Google has taken a rather bold stand against the Chinese government:
Google Inc. defied the Chinese government by saying it will end self-censorship of its search engine and may quit the world’s largest Internet market after attacks on e-mail accounts of human-rights activists.A series of “highly sophisticated” attacks on Google and at least 20 other companies last month, as well as limits on free speech, led to the decision, Google said in a statement on its Web log.

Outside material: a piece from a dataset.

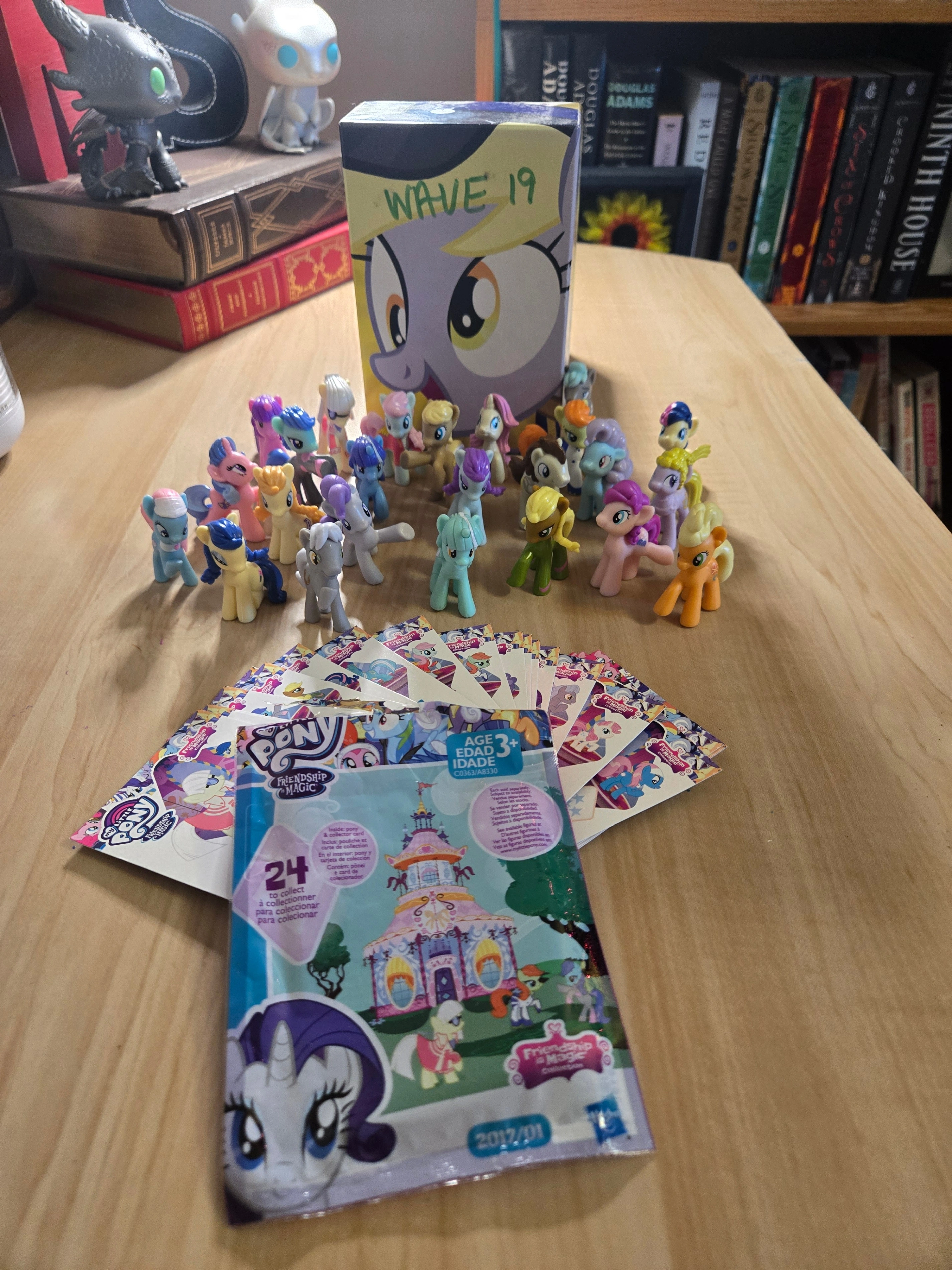 My Little Pony: Wave 19 Ponies with Cards (complete) The complete wave 19 MLP ponies with their collector cards (24 total). Each pony, depending on their position, are about 1-2 inches tall, so please consider this if you are planning on giving these to children. The cards correspond with the ponies are included, though due to the nature of blind bag packaging, the cards are in decent but not perfect condition. With this wave, I've included the MLP box with the wave written on it that I used to store them. Check out my profile for more MLP waves available for sale. I will not separate a single pony out of a wave due to the nature of the collection. I have no problem negotiating price if you want to buy more than one wave. Let me know if you would like more information or photos and I will get back to you as soon as I can.

Images of the 1989 Tiananmen Square crackdown were among previously censored results visible on Google.cn today...
Meanwhile, China has expressed strong opposition against recent U.S. arms sales to Taiwan - a territory formerly under China's control:
...Communist-ruled China split with Taiwan amid civil war in 1949 and continues to regard the self-governing democracy as part of its territory.
...In recent weeks, the United States awarded a $969 million contract to Lockheed Martin for the provision of 263 PAC-3 air defense missiles to Taiwan and a $1.1 billion contract to Raytheon Co. for production of the Patriot Air and Missile Defense System for Taiwan.
...China responded to the last U.S. arms offer by rejecting Hong Kong port calls by the USS Kitty Hawk and other American ships in November 2007.
Monday, the Chinese's tested their missile-defense system and shot down one missile with another to show they mean business and show their growing military strength.
China has 1,100 missiles aimed at Taiwan.